Top diplomats of Japan, South Korea and the US have agreed to strengthen ties and force Pyongyang to end its nuclear program. US Secretary of State Mike Pompeo said that North Korea sanctions will not be lifted yet.

A placard on the streets of Wonsan, North Korea
Image: picture-alliance/AP Photo/W. Maye-E

US Secretary of State Mike Pompeo, Japanese Foreign Minister Taro Kono and his South Korean counterpart Kang Kyung-wha on Sunday urged North Korea to take concrete steps toward complete denuclearization. The allied countries agreed to keep UN-backed economic sanctions on Pyongyang until it completely dismantles its nuclear program.

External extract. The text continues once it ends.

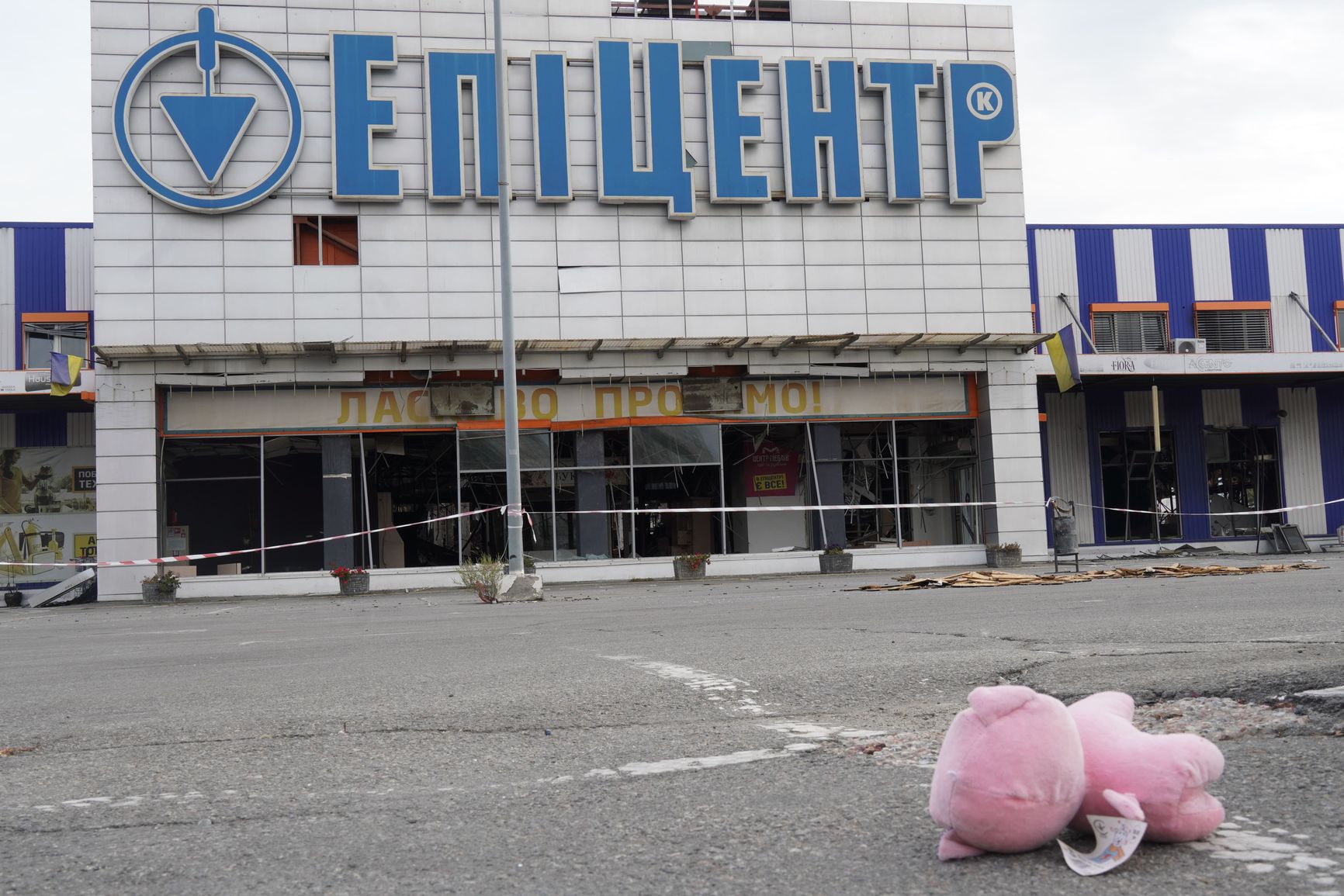 У входа в гипермаркет харьковчане устроили импровизированный мемориал: прикрепили к фонарному столбу фотографии погибших в результате массовой атаки работников и посетителей магазина, принесли туда лампадки и гору плюшевых игрушек. Иногда игрушки разбрасывают по парковке порывы ветра, но их каждый раз подбирает и относит назад к мемориалу охранник «Эпицентра» — тучный мужчина лет 60. Он охраняет не магазин, там вообще уже нечего красть — всё или было уничтожено взрывом, или сгорело в вызванном ракетным ударом пожаре. Он следит за тем, чтобы зеваки не залезли внутрь.

"We were able to reaffirm our unwavering commitment to the continued strengthening of our trilateral cooperation towards the common goal of North Korea's complete, verifiable and irreversible dismantlement of all nuclear weapons and missiles," Kono told a joint news conference in Tokyo.

Read more: Is North Korea defying the US in expanding weapons production?

The talks come a day after Pompeo's Pyongyang visit, which he dubbed successful. But on Saturday, North Korean officials rejected US demands for denuclearization, calling them "unilateral."

North Korea also slammed Washington's "gangster-like" attitude.

"The US is fatally mistaken if it went to the extent of regarding that the DPRK (North Korea's official name) would be compelled to accept, out of its patience, demands reflecting its gangster-like mindset," according to a statement relayed by the state-run KCNA news agency.

Mike Pompeo, Taro Kono and Kang Kyung-wha
Mike Pompeo, Taro Kono and Kang Kyung-wha said they remain committed to the sanctions regimeImage: picture-alliance/AP Photo/D. Mareuil

A diplomatic failure?

A landmark meeting between US President Donald Trump and North Korean leader Kim Jong Un on June 12 in Singapore had raised hopes for peace on the Korean peninsula and improved US-North Korea ties.

But there hasn't been much progress on the commitments made during the Singapore summit.

On Saturday, Pompeo said he received new denuclearization commitments from the Kim regime during his two-day stay in North Korea.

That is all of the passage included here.